The DVs data of both models exhibited a normal distribution (p = 0.200) [1] [4]. They were continuous as they were quantitative and didn’t face any limitations, such as the IVs ELUMO, ν_C_=O and d_CN [4]. The DVs data originated from different 5-Arylidene Rhodanine compounds that were independent. In Models 3 and 4, ELUMO and ν_C_=O displayed non-zero variances, while d_CN presented zero variance. Model 3 indicated VIFs of 1.134, and Model 4 had VIFs of 1.077, 1.659, and 1.63, all below 10, suggesting no multicollinearity [1] [11]. Figure 5 shows Model 3’s Loess line deviating significantly from zero. Figure 6 depicts Model 4’s deviation. The condition for overall linearity wasn’t met [13]. The sample sizes for the two models were insufficient, with 13 compounds instead of the required 74 or 107 as outlined by Equations (1) [3] and (2) [4].

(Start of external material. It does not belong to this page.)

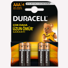 Duracell, güvenilir güç gerektiren elektronik cihazlarda kullanılmak üzere geniş bir pil yelpazesi sunmaktadır. Duracell AAA piller, ek güç gerektiren günlük cihazlara güvenilir şekilde güç sağlamak için ideal çok amaçlı alkalin pillerdir. Duracell alkalin AAA piller - Çok daha uzun ömür garanti* (*2015 IEC AAA standart testinde çinko karbon pillere göre. (www.iec.ch) Sonuçlar cihaza veya kullanım şekline göre değişebilir.) Duracell alkalin piller, AA, AAA, C, D ve 9V boylarında sunulmaktadır. Duralock teknolojisi, normal koşullarda saklandıklarında kullanılmamış Duracell pilleri 10 yıla kadar yeni ve dolu tutar. Bu piller, size güvenebileceğiniz bir ürün sağlayarak, cihazlarınızdan keyif alma özgürlüğü verir. Duracell piller motorlu oyuncaklar, el fenerleri, oyun konsolları, uzaktan kumandalar vb günlük cihazlarınızda güvenilir, uzun ömürlü güç istediğinizde ideal çözümlerdir. 1969’da Duracell, Apollo 11 programının bir parçası haline gelerek Ay’daki ilk pil unvanını kazanmıştır.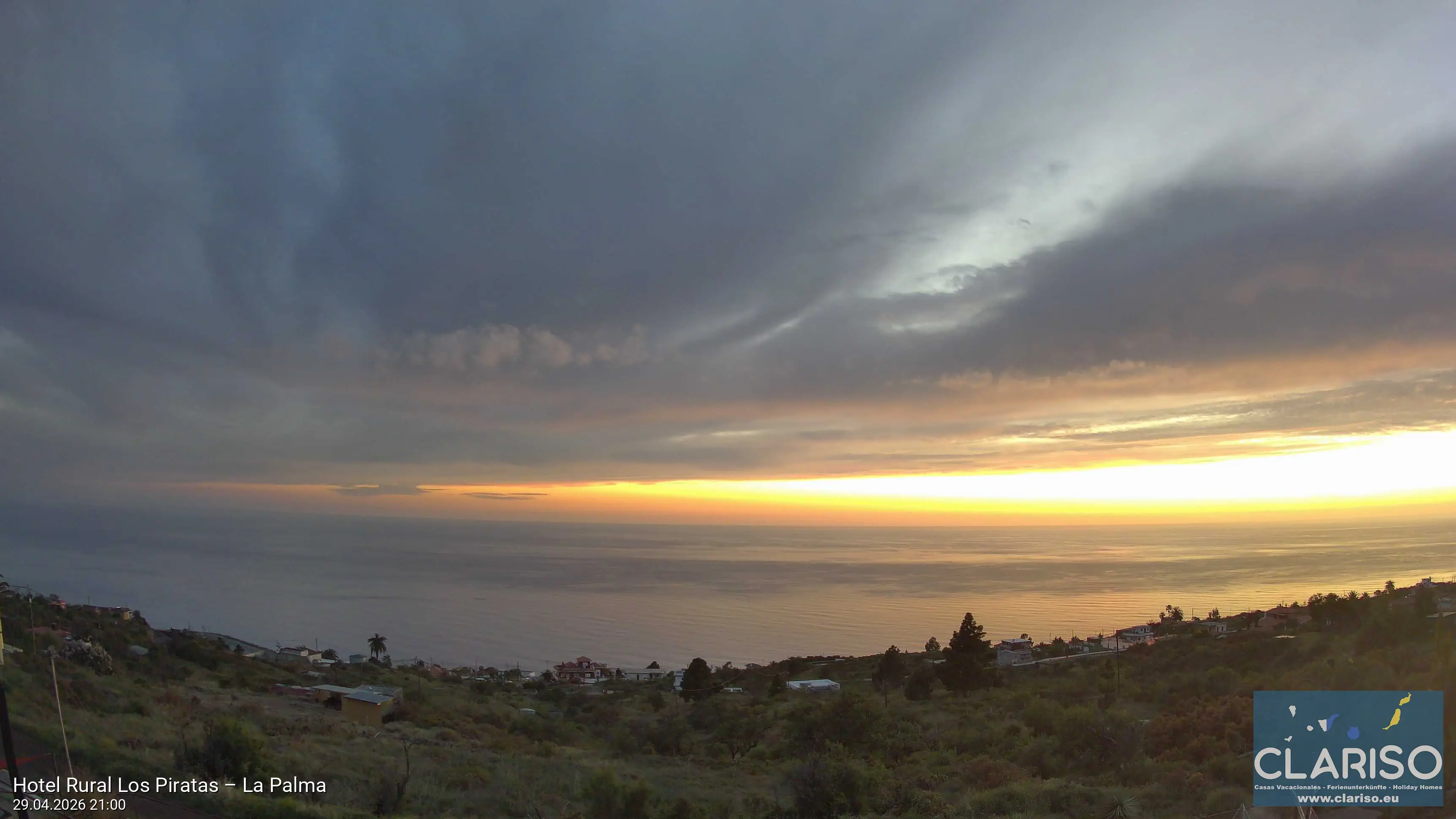 La webcam en directo muestra la vista desde el Hotel Rural Los Piratas en Tijarafe, en la costa oeste de La Palma. Aquí los huéspedes disfrutan cada día de espectaculares puestas de sol sobre el océano Atlántico, una ubicación tranquila sobre la costa y una de las vistas más hermosas de la isla.

Figure 7. Assessment of Model 3 residuals for normal distribution.

Figure 8. Assessment of Model 4 residuals for normal distribution.

The Breusch-Pagan distribution tests showed no significant results, with a Fisher coefficient of F = 1.049 (p = 0.418) for Model 3 and F = 0.284 (p = 0.836) for Model 4. Neither model met the assumption of residuals’ homoscedasticity [4] [12]. Figure 7, related to Model 3, demonstrates the non-alignment of the points on the P-P graph with the diagonal. Similarly, Figure 8, associated with Model 4, shows the same pattern. Consequently, under these conditions, the errors for DV ActMDA and ActNCI weren’t normally distributed [4] [9]. According to [1] [9], the Durban-Watson D. suggested positive autocorrelation (ActMDA: 1.184; ActNCI: 0.997). The residues for models 3 and 4 weren’t independent. A summary of the results can be found in Table 2.

Table 2. Analysis results: compliance summary for Models 3 and 4.

	Model 3		Model 4
	Violated Premises	Respected Premises	Violated Premises	Respected Premises
Data homogeneity		Data Homogeneity		Data Homogeneity
DV		DV continuity DV normality DV independence		DV ActMDA continuity DV ActMDA normality DV ActMDA independence
IV	Non-zero variance	IV continuity Absence of Multicollinearity	Non-zero variance	IV continuity Absence of Multicollinearity
Linear Relationship	Overall linearity		Overall linearity
Sample	Sample size		Sample size
Residues’ characteristics	Residues’ homoscedasticity Normality of Residuals Distribution Residues’ independence		Residues’ homoscedasticity Normality of Residuals Distribution Residues independence

Models 3 and 4 met data homogeneity criteria, ensuring continuity and avoiding multicollinearity of the IVs. However, they fall to respect non-zero variances, linearity, adequate sample size, homoscedasticity, normal distribution, or independence of residual requirements. Their effectiveness is linked to their ability to accurately predict the antiproliferative activity of 5-Arylidene Rhodanine molecules. Compliance with certain assumptions underlying MLR predisposes them.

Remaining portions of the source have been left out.